Baldosa floja: Cine argentino (tercer salpicón), por Marcos Vieytes

Hay que ver películas argentinas de hace ochenta años como Chimbela (José Agustín Ferreyra, 1939) para encontrar esta clase de diálogos:

Canillita: Buenas y buen provecho.

Chimbela: ¿Comiste?

Canillita: No, pero me espera mi vieja.

Chimbela: ¿Vendiste mucho?

Canillita: Fenómeno se está vendiendo.

Chimbela: ¿Y eso?

Canillita: Por los dos crímenes de esta tarde.

Chimbela: ¿Qué crímenes?

Canillita: Lo del millonario Bernard y la del proletario ese que le encajó cinco tiros al gerente.

Chimbela: No me digas, a ver, dame, a ver.

Canillita: Tomá, mirá.

Chimbela: A ver qué pasó: “Asesinaron en su dormitorio al millonario Mario Bernard. Se sigue la pista de los criminales”.
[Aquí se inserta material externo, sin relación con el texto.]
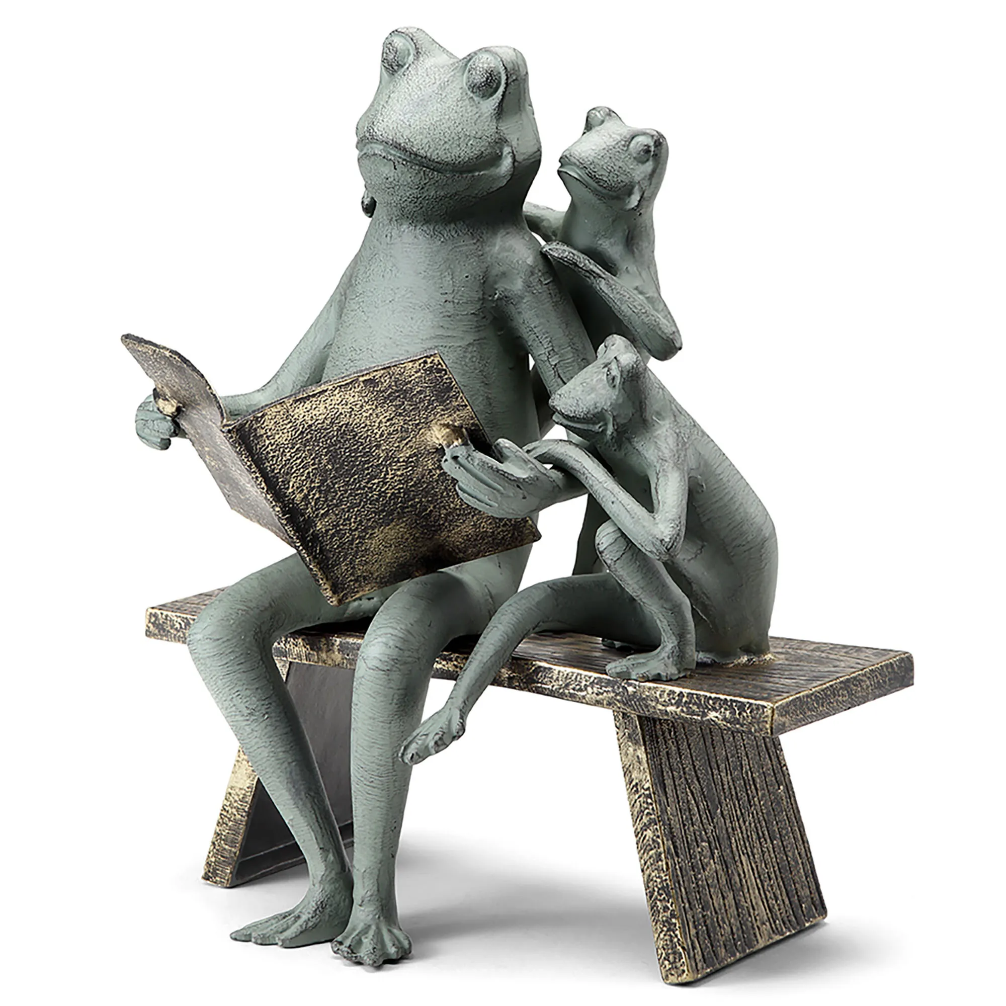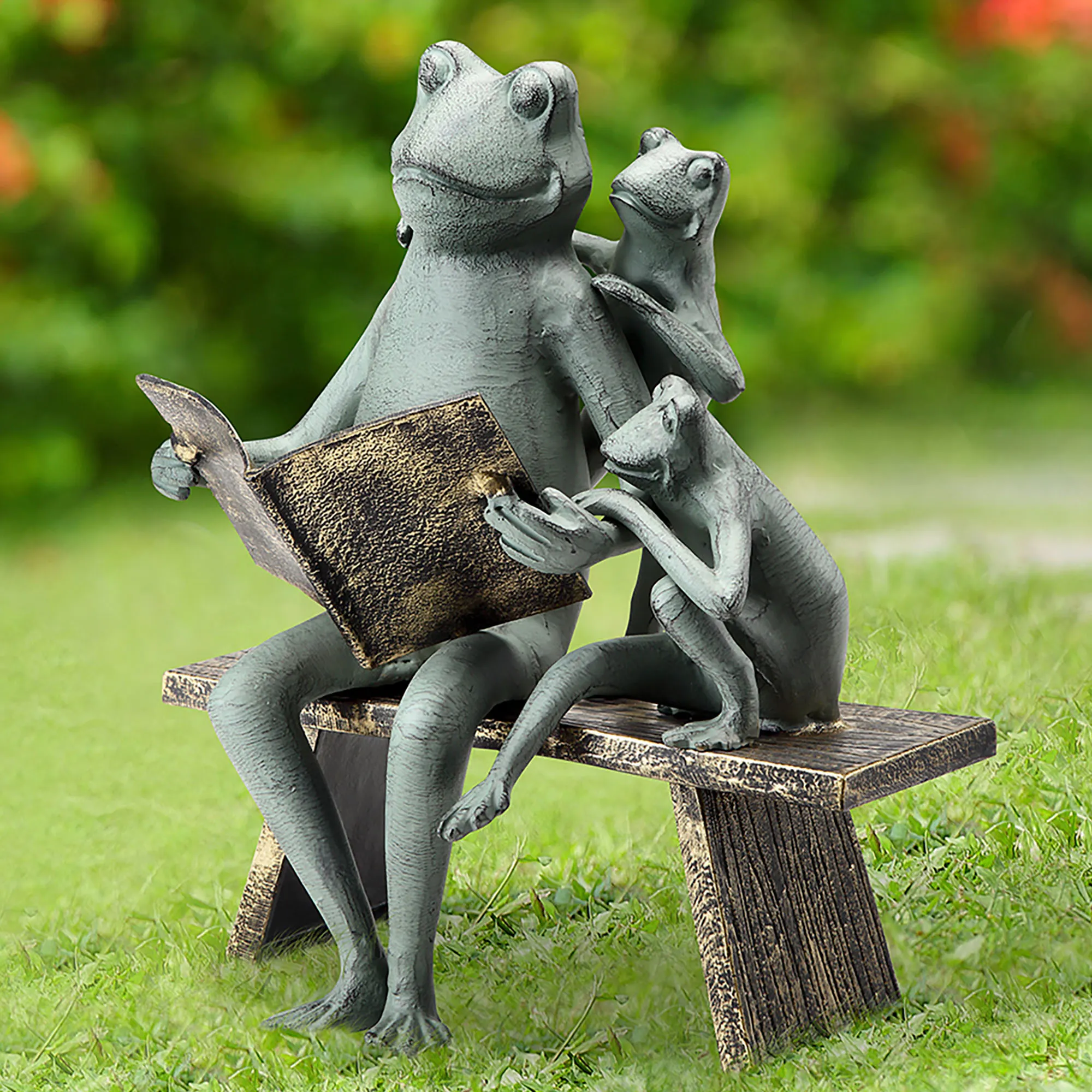 The Reading Frog Family Garden Sculpture promotes togetherness. This hand-cast aluminum frog garden sculpture has hand-rubbed verdi green and bronze finishes and features a whimsical scene. Indoor or outdoor year-round use. Measures 13"Wx9.5"Dx15.5"H.

Canillita: Ese no interesa. Leé el de más abajo que es el del problema social.

Chimbela: ¿Dónde? Ah, acá está: “Terrible atentado. El ácrata Jorge del Var disparó cinco tiros contra el gerente Alberto Greman”. Fenómeno el mozo, ¿eh? ¡De ley! ¿Se da cuenta, viejo? ¡Estos son hombres! “La policía busca empeñosamente a del Var por tratarse de un individuo peligroso para la sociedad”. Hum, la sociedad somos nosotros que trabajamos de sol a sol, y para nosotros no es ningún peligro.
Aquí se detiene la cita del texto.